You are helping your friend prepare for the next skateboard exhibition by determining if the planned program will work. Your friend will take a running start and then jump onto a heavy-duty 15-lb stationary skateboard. The skateboard will glide in a straight line along a short, level section of track, then up a sloped concrete wall. The goal is to reach a height of at least 10 feet above the starting point before coming back down the slope. Your friend's maximum running speed to safely jump on the skateboard is 23 feet/second. Your friend weighs 150 lbs.
This problem was used with permission of Dr. Ken Heller of the University of Minnesota Physics Education Research Group.

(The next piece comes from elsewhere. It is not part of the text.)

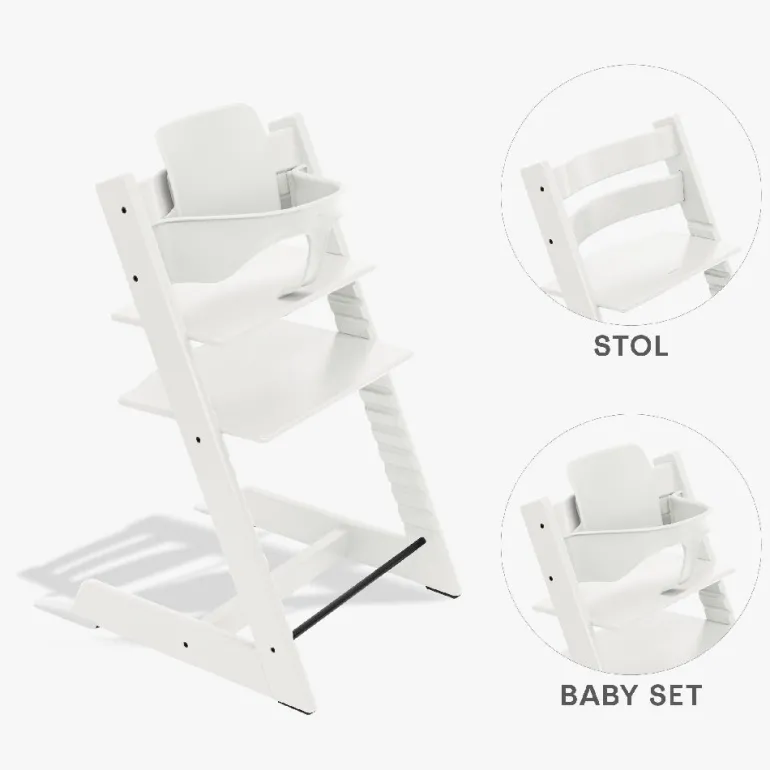 Selv den mindste i familien kan sidde med ved spisebordet med et Tripp Trapp® Baby Set², der følger med denne sampak. Det giver dit barn bevægelsesfrihed og hjælper det med at lære den vigtige færdighed at sidde. Når dit barn selv kan klatre op og ned fra stolen, kan du fjerne dit Baby Set. Det giver barnet større bevægelsesfrihed og mere selvstændighed.

In this problem, you are asked to find the height to which your friend rises when he or she jumps on a skateboard with a running start. Any time you are asked to relate speed and position of an object, you should check to see if you can use Conservation of Energy to solve the problem. In this case, you have an unknown amount of force that takes energy out of the system when your friend collides with the skateboard and so you cannot track non-conservative work during the collision. So this is not a one-step problem.
However, the unknown energy loss occurs during a collision. Any time you are asked to find speed or velocity of an object just before or just after a collision or separation, you can likely use Conservation of Momentum to solve that part of the problem.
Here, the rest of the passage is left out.